The spatchcock chicken

Who doesn’t love chicken unless your vegan or vegetarian that is, I say each to there own. I did try be vegan lasted about 6 months, but in the end I went back to meat

spatchcock is when you remove backbone, allowing you to flatten out the chicken completely.

Thing I love about chicken is the recipes are endless I must have so many on my Instagram, from full chickens to fillets to wing and drumsticks all with different flavour. I do find myself using a lot of yougurt lately, like this one is yougurt and red pesto.

To spatchcock chicken get a scissors and cut from the bottom up along the back bone. There is plenty of YouTube videos to show how to do this properly.

I used plain Greek yougurt and red pesto and got my hands dirty and rubbed this into all the legs dirty job but someone has got to do it, I done this about 9am so come dinner time this bad boy will be ready for the oven about 5pm.

Why do people spatchcock? Well the reason I do it is because I find its less cooking time and cooks more even.
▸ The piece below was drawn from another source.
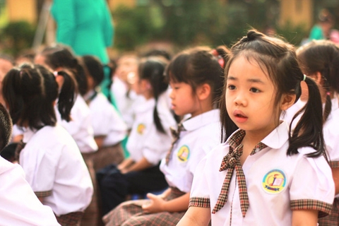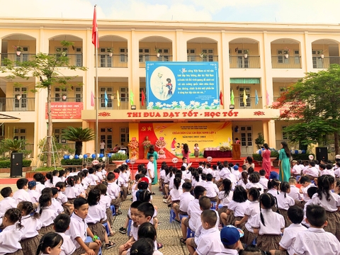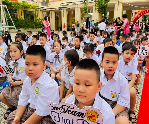 Ngôi trường chào đón các bạn nhỏ với rực rỡ màu sắc. Nào là màu hoa tươi tắn được các bác lao công chăm chút, rồi màu áo dài xanh hồng nổi bật của cô giáo trìu mến, màu cổng hiệu chào đón, màu xanh trắng phơi phới của bóng bay khai giảng…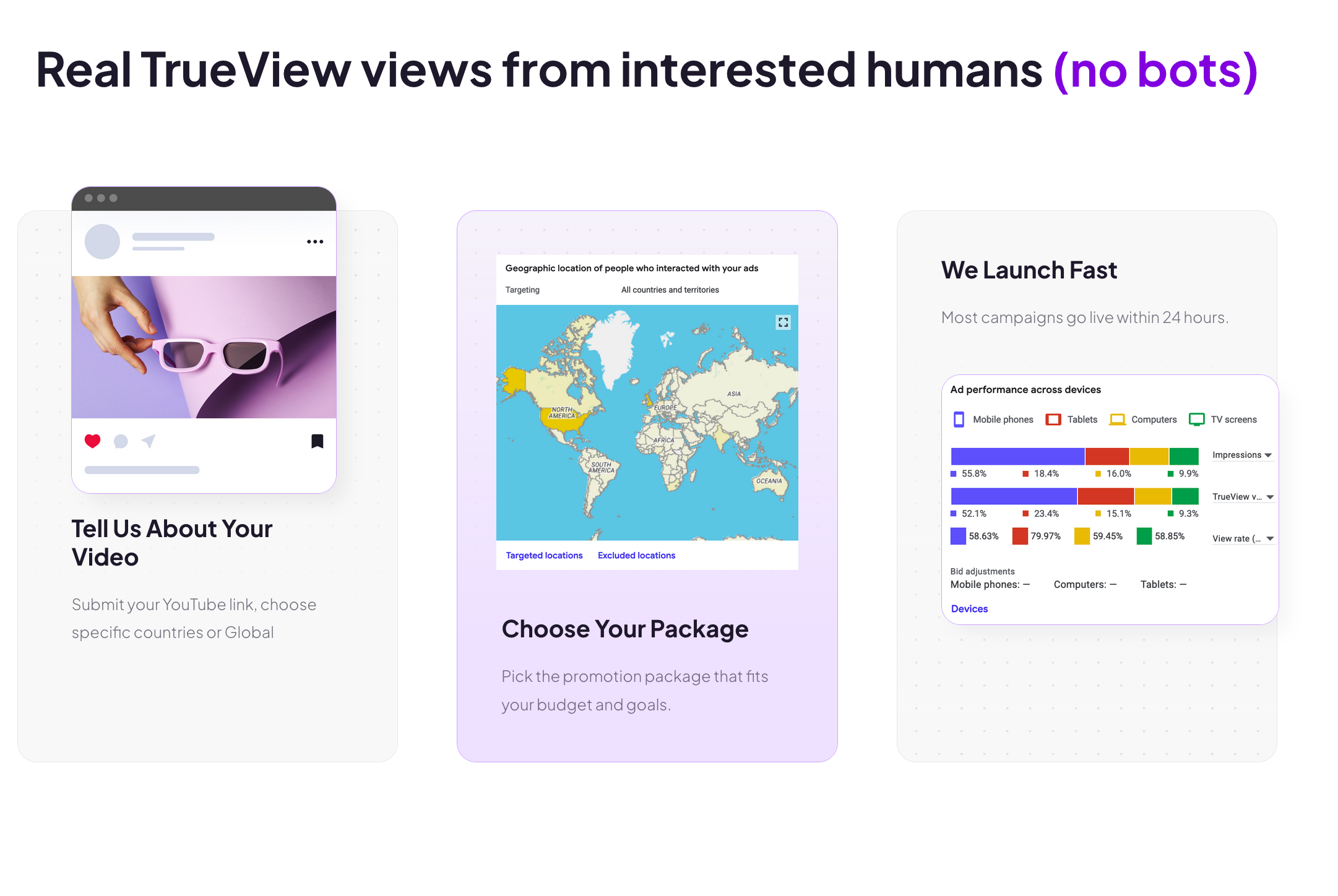 Geographic targeting focuses on key markets like the USA and UK, with options for demographic and interest-based refinement. Campaigns include transparent performance tracking via YouTube Studio, helping creators monitor real engagement without risking platform violations.

I like to start cooking at 170c for 40 minutes on flat tray and then usual turn the chicken over but with this marinade it will come off the chicken and look awful so after 40 minutes turn the heat up to 190c and Cook for 10 minutes. Cook with your eyes if it’s looking like it’s getting to black or cooking to quick simply turn the heat down and cover in foil be careful it doesn’t stick or it will take the skin off when you remove the foil.

When I know my chicken is done I love to turn on the grill or broiling if your in USA. This will give you a beautiful colour on top.

Serve this with sweet potatoe wedges and salad, this is a meal I would gladly have any day of the week.

Happy spatchcocking thanks for reading.